▼

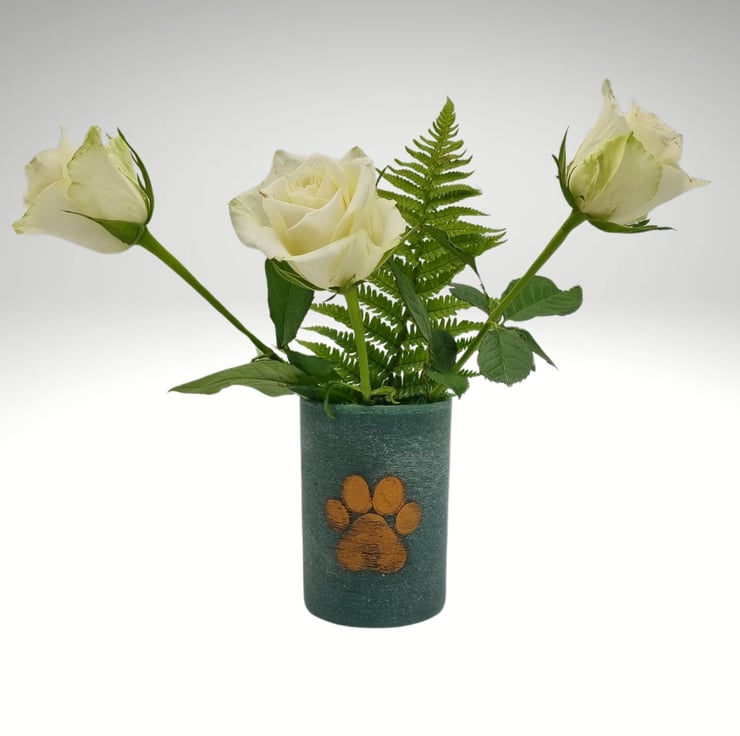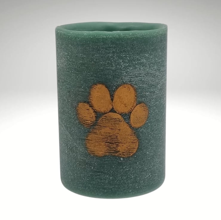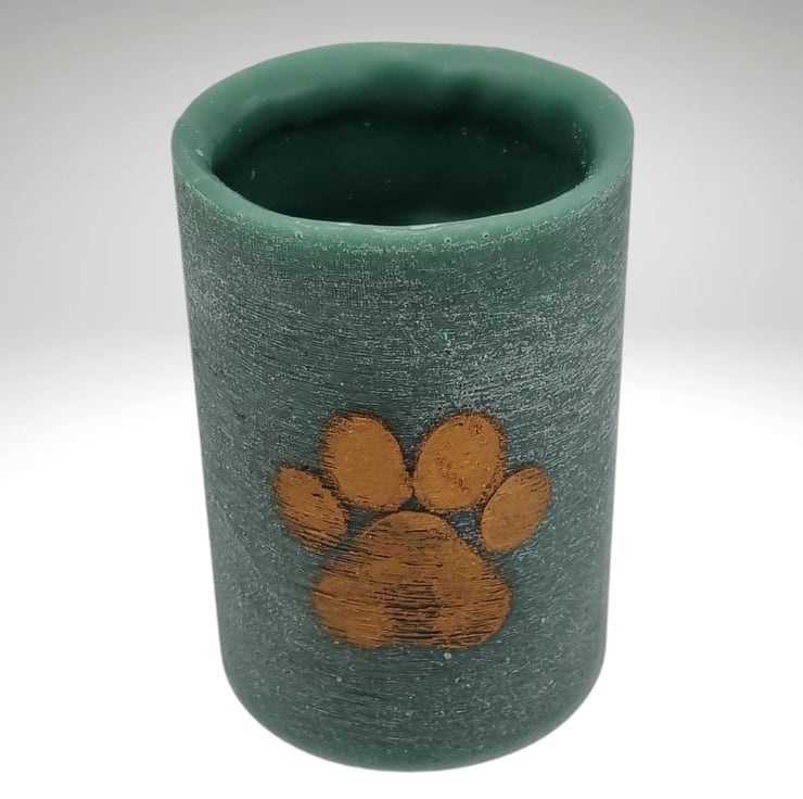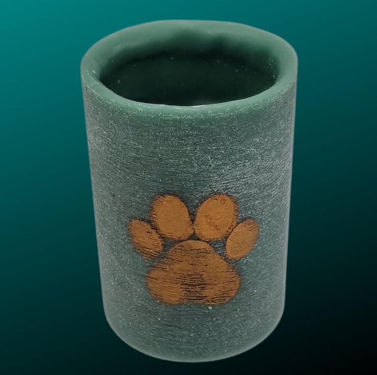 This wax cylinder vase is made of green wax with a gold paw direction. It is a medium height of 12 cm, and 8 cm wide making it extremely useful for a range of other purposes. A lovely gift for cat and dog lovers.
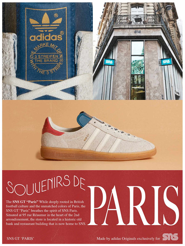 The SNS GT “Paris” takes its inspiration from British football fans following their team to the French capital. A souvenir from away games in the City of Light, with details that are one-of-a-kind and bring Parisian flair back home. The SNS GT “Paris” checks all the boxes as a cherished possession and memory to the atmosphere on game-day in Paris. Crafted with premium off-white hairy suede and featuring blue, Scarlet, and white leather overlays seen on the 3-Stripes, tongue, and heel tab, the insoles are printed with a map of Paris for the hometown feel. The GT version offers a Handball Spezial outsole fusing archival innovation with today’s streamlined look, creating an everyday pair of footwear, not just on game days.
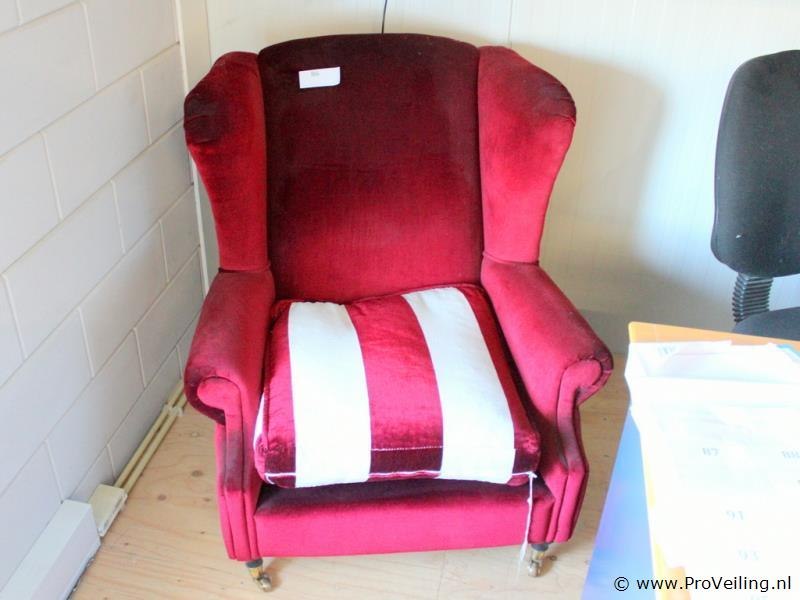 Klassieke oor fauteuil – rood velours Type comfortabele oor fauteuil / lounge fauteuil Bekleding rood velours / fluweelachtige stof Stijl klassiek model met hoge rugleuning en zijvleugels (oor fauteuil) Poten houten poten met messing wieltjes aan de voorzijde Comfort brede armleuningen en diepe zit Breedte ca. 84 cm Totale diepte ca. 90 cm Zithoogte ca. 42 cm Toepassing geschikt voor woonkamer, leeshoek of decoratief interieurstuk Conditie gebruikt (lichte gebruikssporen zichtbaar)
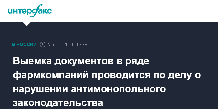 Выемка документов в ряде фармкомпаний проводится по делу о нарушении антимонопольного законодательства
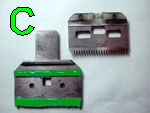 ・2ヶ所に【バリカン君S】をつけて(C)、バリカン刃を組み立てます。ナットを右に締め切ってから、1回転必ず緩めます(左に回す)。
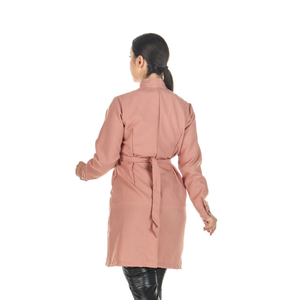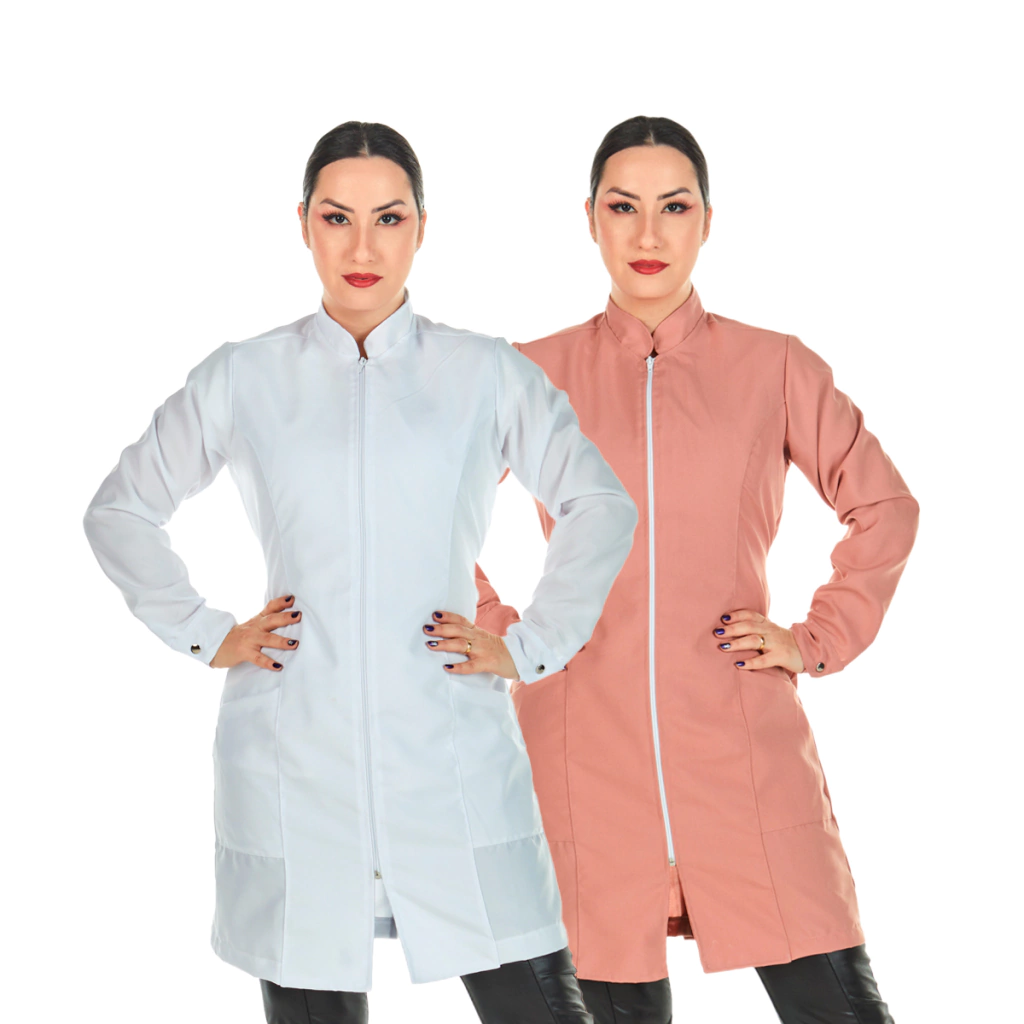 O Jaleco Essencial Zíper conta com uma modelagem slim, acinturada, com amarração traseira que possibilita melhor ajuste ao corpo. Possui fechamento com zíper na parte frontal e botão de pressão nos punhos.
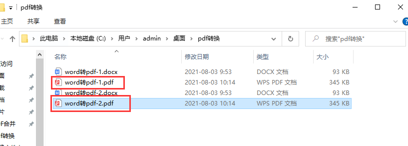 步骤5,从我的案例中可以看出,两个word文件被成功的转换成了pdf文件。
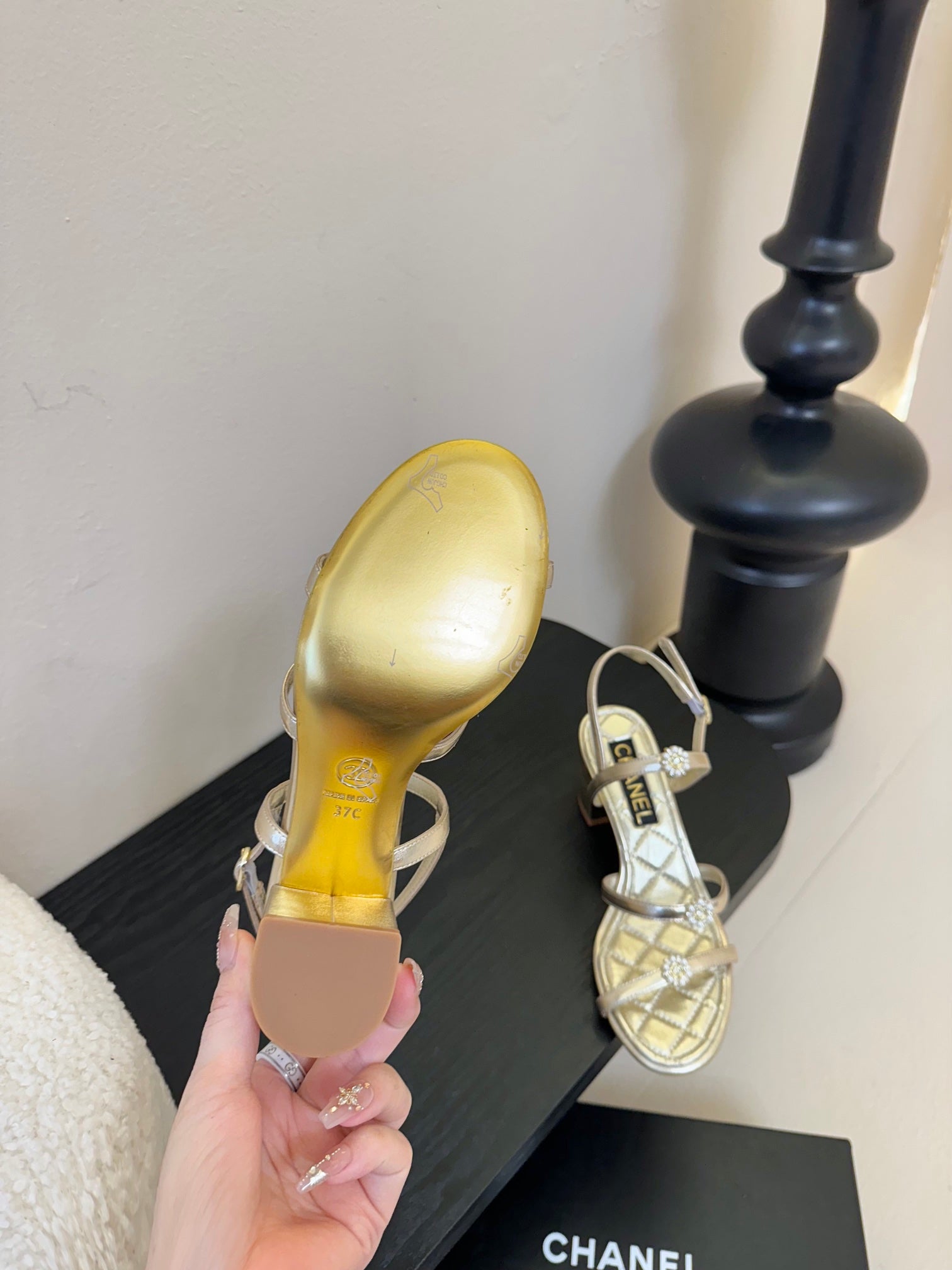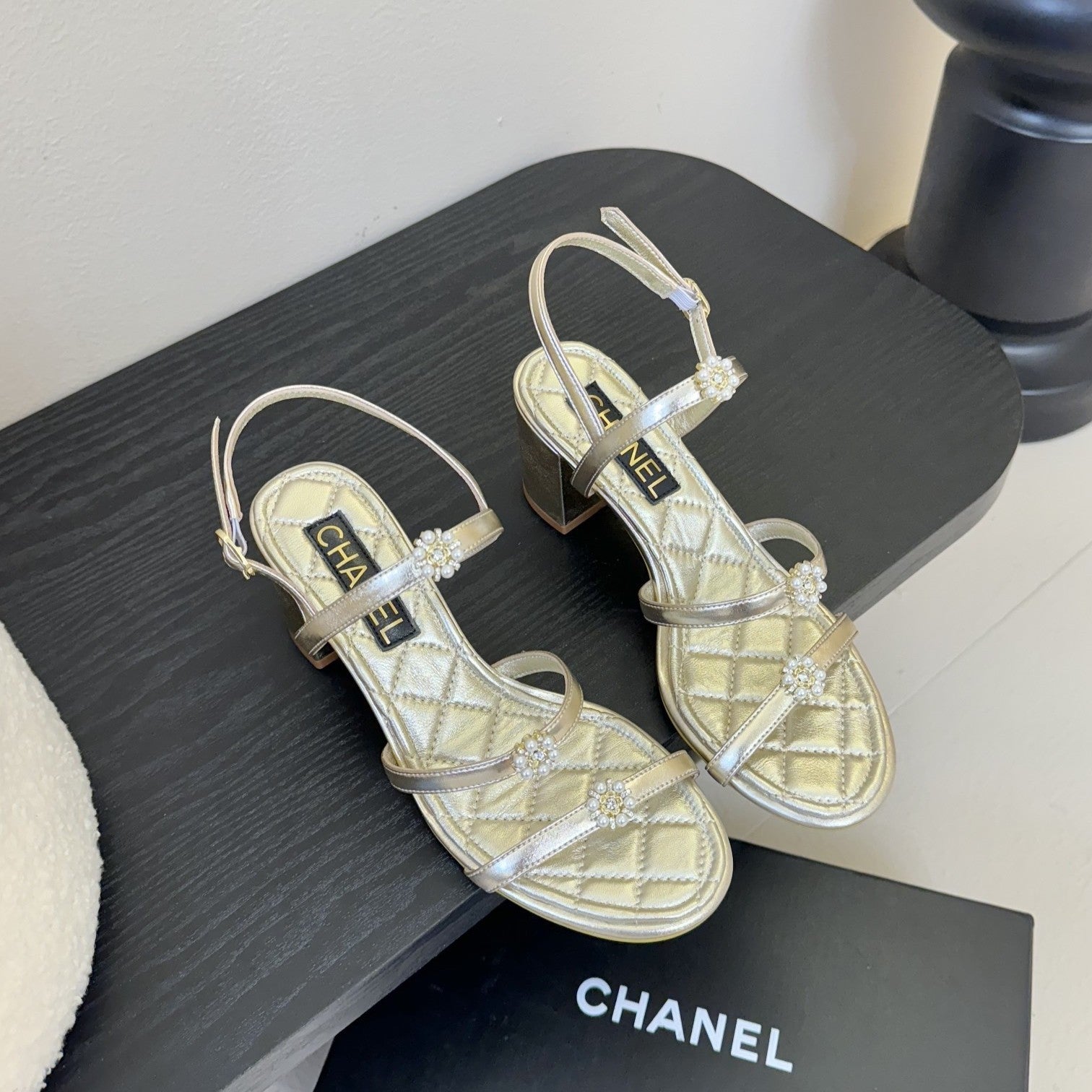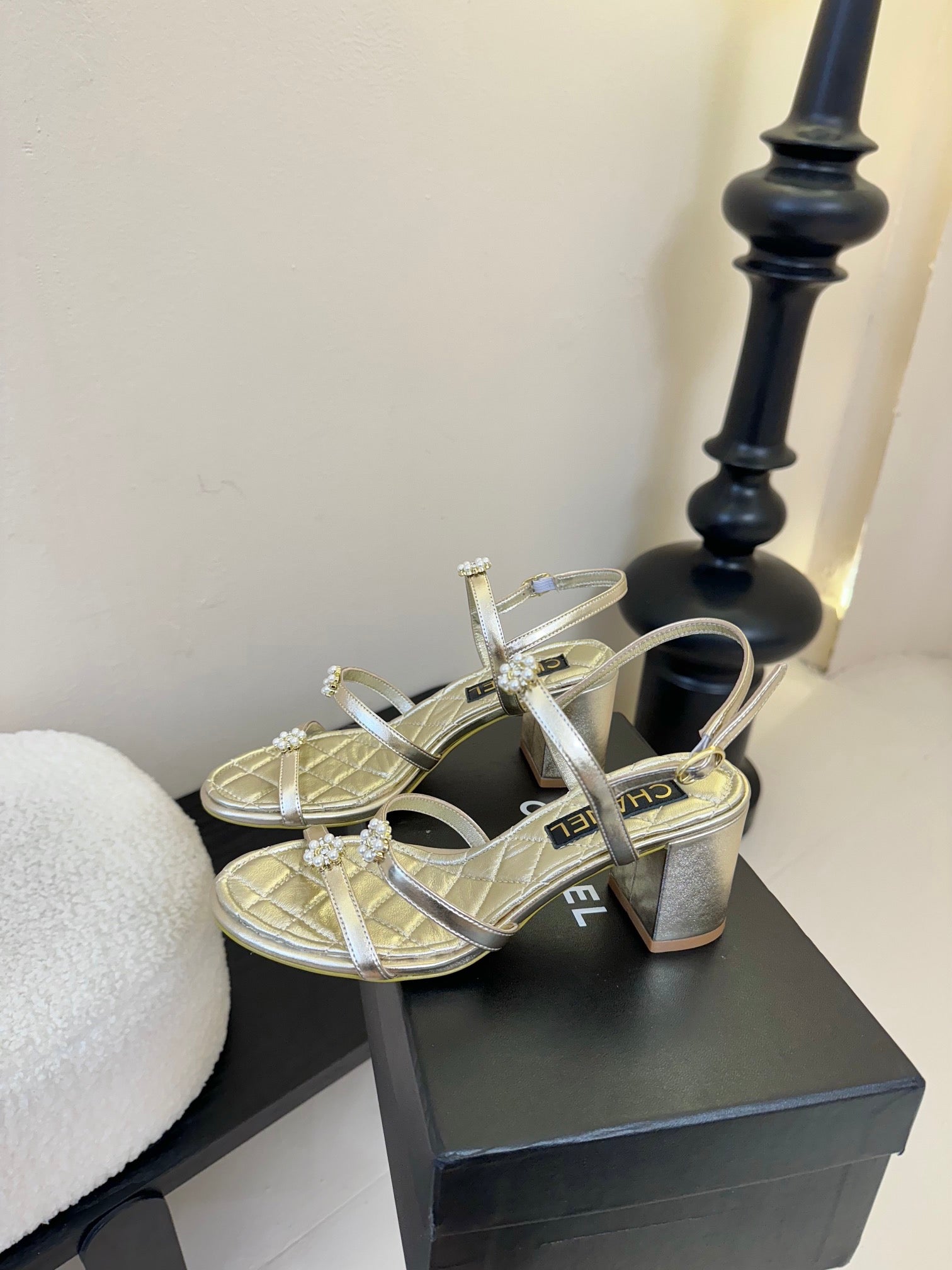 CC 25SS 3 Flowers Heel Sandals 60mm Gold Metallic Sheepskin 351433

▲

▶ INSTRUCTIONS FOR THE TASK
Write out the records above exactly. Begin with the first line, end with the line holding "步骤5,从我的案例中可以看出,两个word文件被成功的转换成了pdf文件。", and drop the pictures.

▶ TASK RESPONSE
 This wax cylinder vase is made of green wax with a gold paw direction. It is a medium height of 12 cm, and 8 cm wide making it extremely useful for a range of other purposes. A lovely gift for cat and dog lovers.
 The SNS GT “Paris” takes its inspiration from British football fans following their team to the French capital. A souvenir from away games in the City of Light, with details that are one-of-a-kind and bring Parisian flair back home. The SNS GT “Paris” checks all the boxes as a cherished possession and memory to the atmosphere on game-day in Paris. Crafted with premium off-white hairy suede and featuring blue, Scarlet, and white leather overlays seen on the 3-Stripes, tongue, and heel tab, the insoles are printed with a map of Paris for the hometown feel. The GT version offers a Handball Spezial outsole fusing archival innovation with today’s streamlined look, creating an everyday pair of footwear, not just on game days.
 Klassieke oor fauteuil – rood velours Type comfortabele oor fauteuil / lounge fauteuil Bekleding rood velours / fluweelachtige stof Stijl klassiek model met hoge rugleuning en zijvleugels (oor fauteuil) Poten houten poten met messing wieltjes aan de voorzijde Comfort brede armleuningen en diepe zit Breedte ca. 84 cm Totale diepte ca. 90 cm Zithoogte ca. 42 cm Toepassing geschikt voor woonkamer, leeshoek of decoratief interieurstuk Conditie gebruikt (lichte gebruikssporen zichtbaar)
 Выемка документов в ряде фармкомпаний проводится по делу о нарушении антимонопольного законодательства
 ・2ヶ所に【バリカン君S】をつけて(C)、バリカン刃を組み立てます。ナットを右に締め切ってから、1回転必ず緩めます(左に回す)。
 O Jaleco Essencial Zíper conta com uma modelagem slim, acinturada, com amarração traseira que possibilita melhor ajuste ao corpo. Possui fechamento com zíper na parte frontal e botão de pressão nos punhos.
 步骤5,从我的案例中可以看出,两个word文件被成功的转换成了pdf文件。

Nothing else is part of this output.